This recent article by Inga Saffron in the Philadelphia Inquirer is behind a paywall and so I, admittedly, haven't read it. But it seems to cover a common urban dilemma: Center City Philadelphia has too many surface parking lots while simultaneously having a need for more housing. The problem, as the argument goes, is that the city's tax system is under-assessing vacant land, creating an incentive to sit on it, and a disincentive to develop new housing. The solution: tax land more; tax improvements less.
(Forgive me if this isn't entirely accurate with Saffron's position.)
It's a classic "stick versus carrot" approach. Let's beat landowners and developers into building more housing. Now, in some situations, I can see the allure of this line of thinking. If we're talking about someone who has owned a surface parking lot for many decades and it's generating a nice stream of cash, there might be little incentive to develop it or sell the land to someone who will develop it. But as a general rule, I believe that carrots are far more productive than sticks.

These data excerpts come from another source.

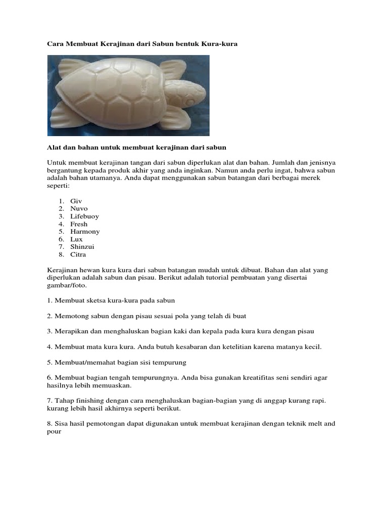 Cara Membuat Kerajinan dari Sabun bentuk Kura
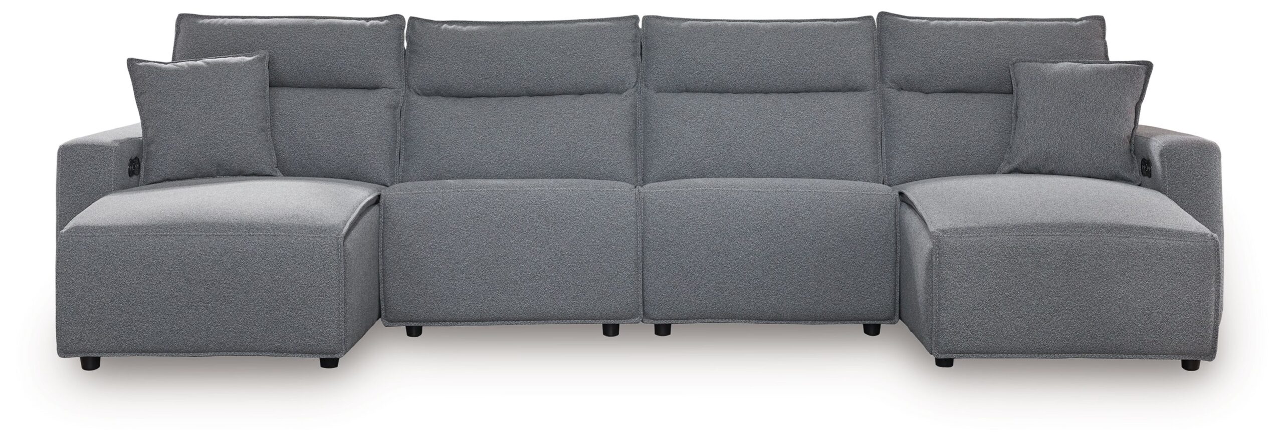 - Includes 4 modular pieces: Left-arm facing power reclining back chaise, 2 armless chairs and right-arm facing power reclining back chaise
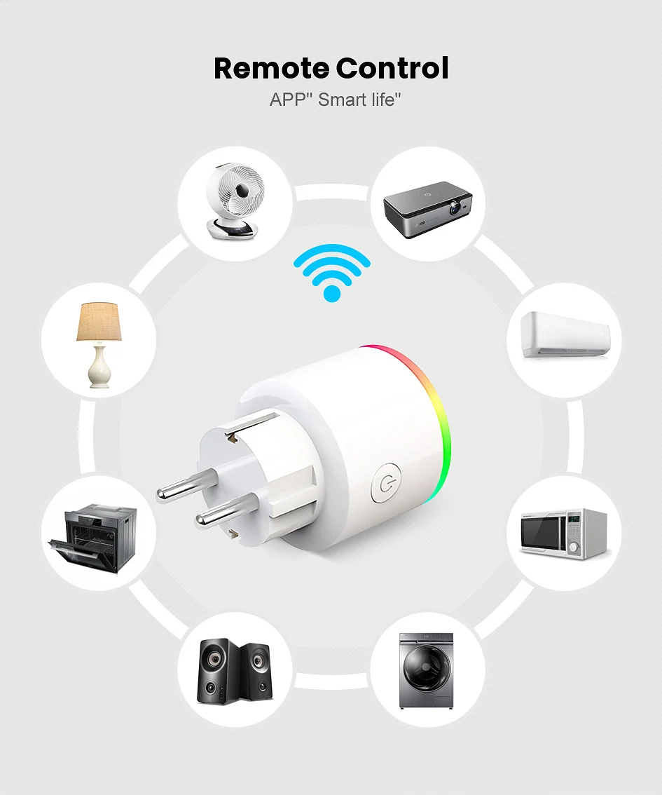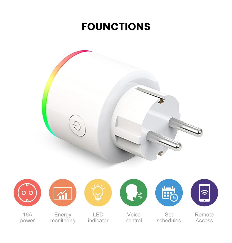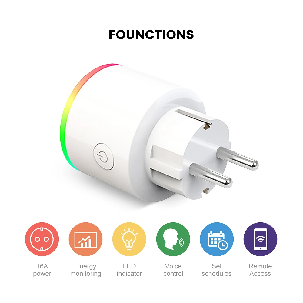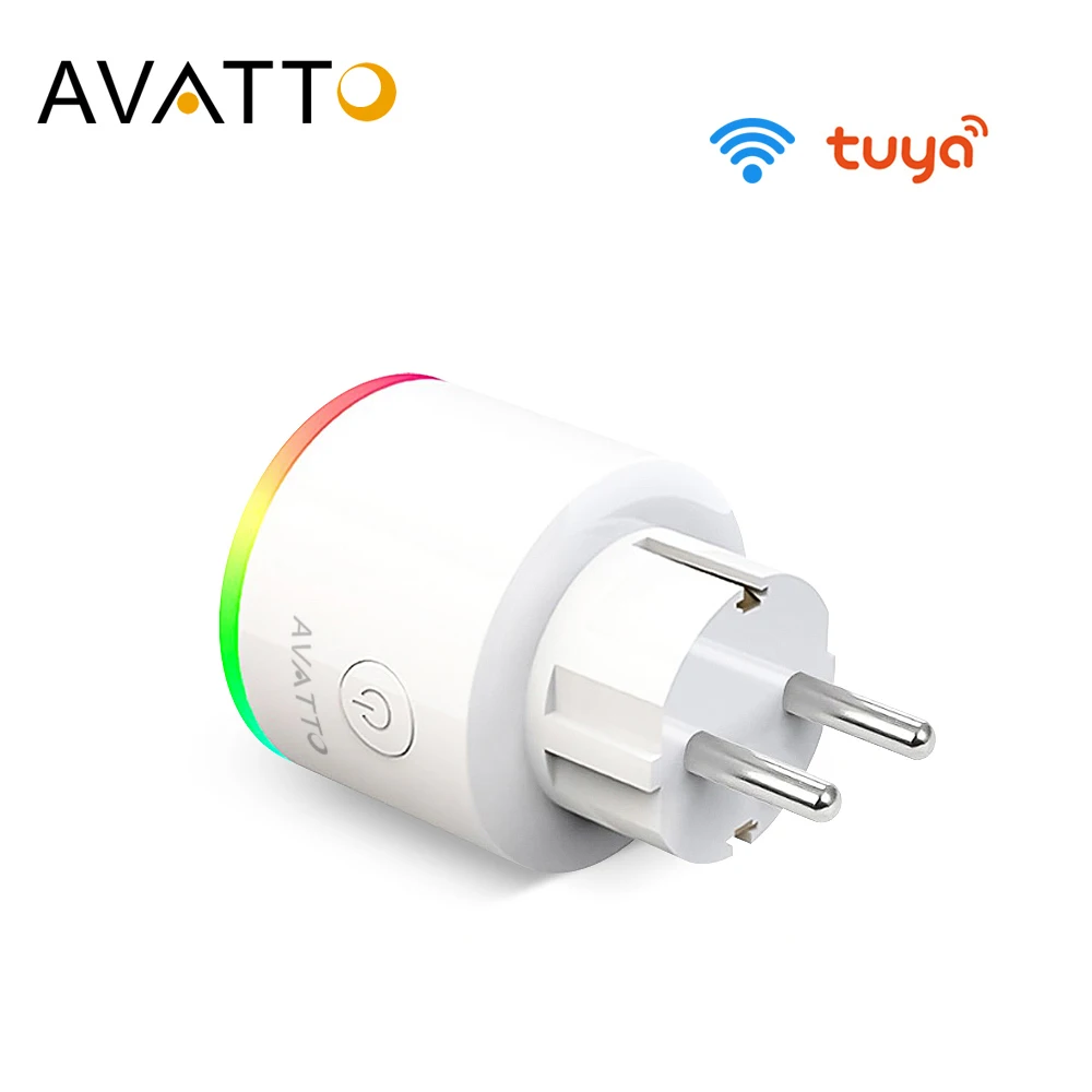 Умная розетка AVATTO, беспроводная вилка 16 А, разъем EU, подсветка RGB, счетчик потребляемой мощности, Wi-Fi, Google Home, голосовое управление Alexa
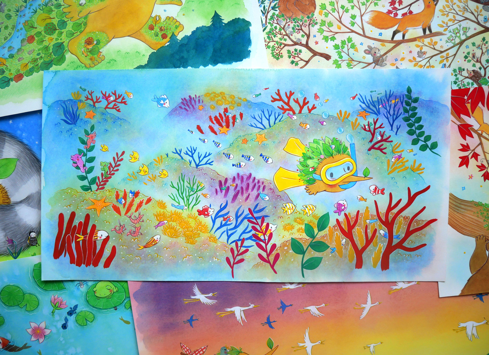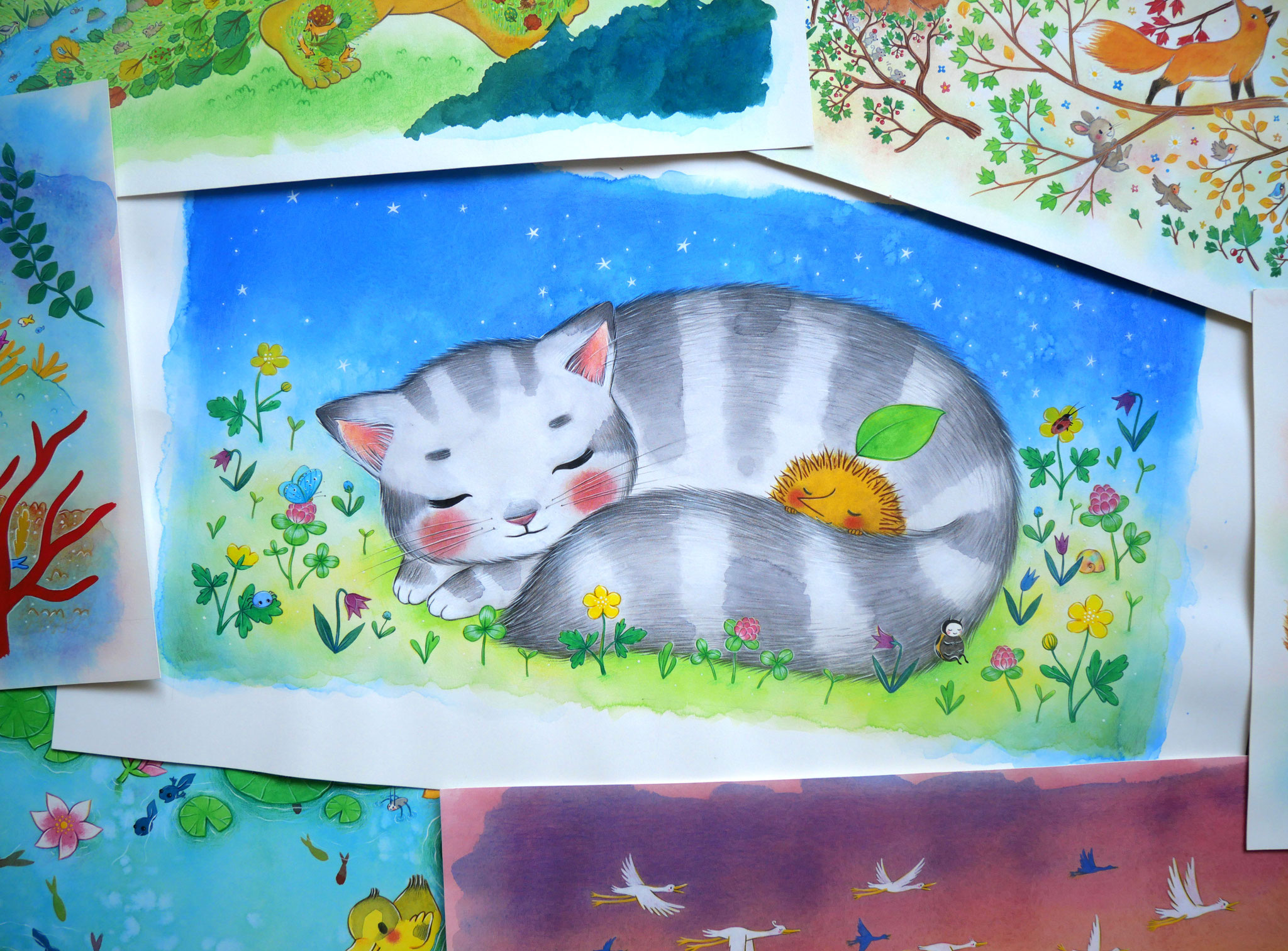 Travaillant de manière traditionnelle, je propose des expositions autour de mes ouvrages pour y présenter les illustrations originales, le story-board, les croquis de recherches... De quoi immerger les visiteurs dans un monde coloré et poétique, tout en leur permettant de mieux comprendre les coulisses d'un livre illustré.
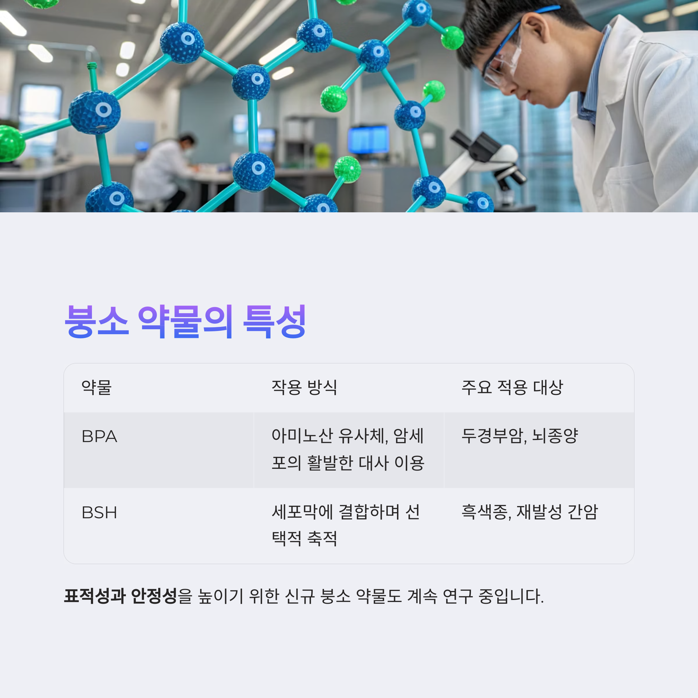 이러한 약물은 표적성과 안정성을 모두 만족시키기 위해 계속 발전 중이며, 신규 붕소 약물 후보도 연구되고 있는 중입니다.
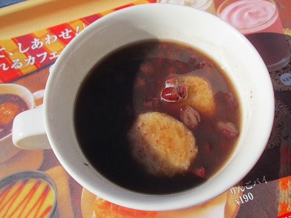 りんごパイ190円 玄米餅のおしるこ280円 さつま金時のあったかプリン260円

I have at least two concerns with trying to tax landowners into compliance. One, you have to be careful not to create a double-edged sword. Taxing based on the "highest and best use" can work to suppress some of the small businesses that make cities great. For example, should a site with a local bookstore in a small heritage building, or a mom-and-pop restaurant in a single-storey building, be forced into higher-density housing? I don't think so.
Two, blaming low taxes for the lack of housing can distract from the more fundamental question: Why aren't more developers building housing if there's a need and an availability of land? When I lived in Philadelphia during grad school, I remember developers telling me the following: "The thing about Philly is that the build-costs are the same as New York (Philly is a strong labour union city), but the rents you can command are obviously nowhere near the same." Sticks don't work if the math doesn't math!
I don't know how the market has evolved since the late 2000s, but I do know that developers want to develop. And they will do so if the economics make sense and the right carrots exist.